We asked you to submit a short story, no more than 500 words, to win some fabulous prizes in our writing competition… and they did not disappoint! This year, the theme of the competition was ‘Awakening’. We are delighted to announce our Author’s Choice winner. Huge congratulations to Clare Shaw who was chosen by local Essex Author Sarah Armstrong.
I was delighted to have been selected as the author’s choice. I wanted to write something about an outsider where there is more to him than meets the eye (perhaps like myself) and I set it in the Black mountains in Wales as I go there every year when I visit my Uncle and there is something magical about this place. It is so very different to Essex!
Clare Shaw
Author’s Choice: Strange Boy written by Clare Shaw
When he asked me to meet him at the lake on Waun Fach mountain, I stared at him in disbelief. I knew the Black Mountains as well as I knew my own face and had scrambled up the highest of them many times.
“You mean Grwyne Fawr reservoir,” I said.
“No. I mean climb half way up Waun Fach, then ease your way through the dense cluster of pine trees until you reach the lake.”
“There isn’t a lake on that mountain. Or pine trees.”
He shrugged. “I’ll be there as the full moon rises.”
Then he laughed that odd musical crescendo of mirth and sprinted off. I watched him running effortlessly, weaving his way through the trees, leaping over old logs and scampering down the mossy bank; so beautiful in his agility.

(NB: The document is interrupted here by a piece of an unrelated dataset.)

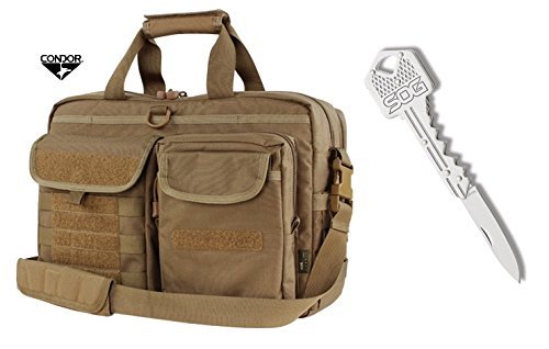-. Binding : Electronics -. Brand : Condor Outdoor -. Color : Brown -. EAN : 0740843778215 -. Feature : Constructed with Mil-Spec 500 Denier Cordura Nylon / Loop-lined Concealed Carry Pocket perfect for securing CCW holster & weapon / Rhino skin synthetic material on high abrasion zones / YKK zippers throughout / D-Rings on front & back for loose attachments / Lage Handle flap / Adjustable shoulder strap / Main compartment (12"H x 17"W x 4"D) with 2 mesh pockets & loop panel / One large storage pouch on front (9"H x 8"W x 2"D) / Back compartment (11.5"H x 16"W x 2"D) with padded, fleece-lined laptop & tablet sleeves with velcro secure tabs / Organizer pouch with hidden ID panel (9"H x 7"W x 2"D) / Free SOG Key Knife with purchase! -. Label : Condor Outdoor -. Manufacturer : Condor Outdoor -. PackageQuantity : 1 -. ProductGroup : PC Accessory -. ProductTypeName : ACCESSORY_OR_PART_OR_SUPPLY -. Publisher : Condor Outdoor -. Studio : Condor Outdoor -. Title : Condor Metropolis Briefcase (Brown) + FREE SOG Key Knife -. UPC : 740843778215
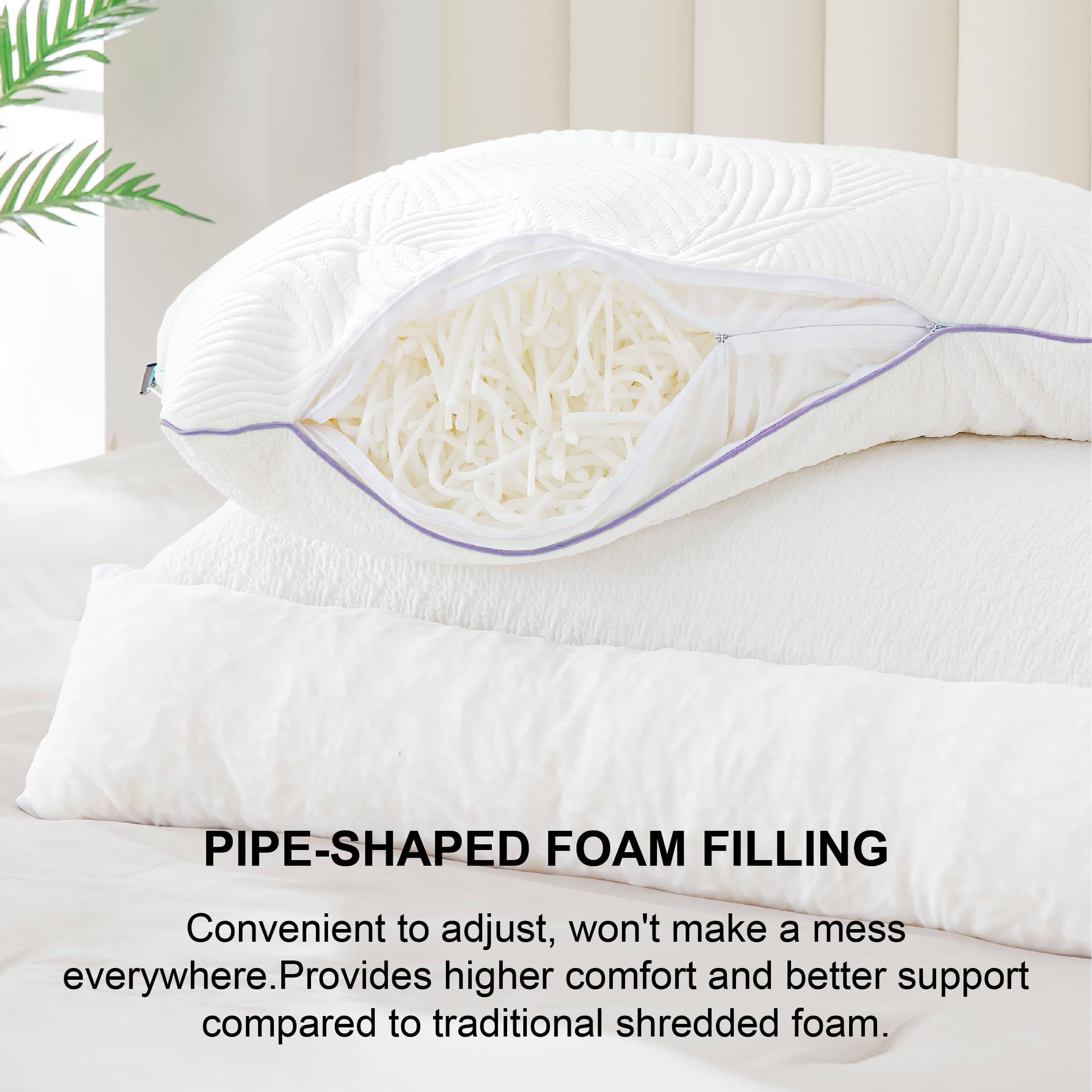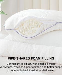 1. Almohadas de espuma viscoelástica única: A diferencia de las almohadas de espuma viscoelástica triturada tradicionales, nuestras almohadas están rellenas de espuma viscoelástica en forma de tubo. Nuestra espuma no se dispersa al ajustarse y proporciona un mejor soporte.

I had seen him on the rugged, peaty hills where the wild ponies, who didn’t usually trust people, would allow him to stroke their shaggy manes and whisper gently to them. With him, they were no more wild than the ponies at the stables where I had met him. He had been helping with an over excitable Welsh Cob, calming him like a father soothes a child.
He said very little and yet his dark, olive eyes spoke to me of a deeper understanding of life. We arranged to meet the next day at Millers Gate and he showed me where skylarks nested and hares raced across the grassy hillside. We always met outdoors as he felt uncomfortable surrounded by walls, but at ease out in nature. He would toss back the cascades of dark flowing hair from his perfectly oval face. His beauty was such that I was able to ignore his baggy jogging bottoms and ill fitting boots. He was known in the village as the strange boy but I was fed up with the local lads and their swagger and beery breath. He intrigued me.
I set off for the lake with no expectation of finding it. Then I spotted the cluster of pine trees which I’d never noticed before. I slalomed through their straight, tall trunks, breathing in the nutty, earthy odour of the bark. The unexpected lake was glistening under the full, harvest moon.
He was there at the water’s edge stretching his arms up to the clear night sky and laughing that laugh. The moon slipped down and shone its beams over the lake like a beacon from a lighthouse. Diamonds danced across the surface and when I looked down into the gleaming clear water, I saw shining rocks and shoals of silvery fish. Without thinking, I peeled off my clothes and dived into the water which was as warm as a tropical pool. I floated, staring up at the umbrella of bright stars. I beckoned him in.
He peeled his clothes off and placed his hooves carefully into the water. Then his tail flicked behind him as he neighed with delight. Now, at last, I knew him completely.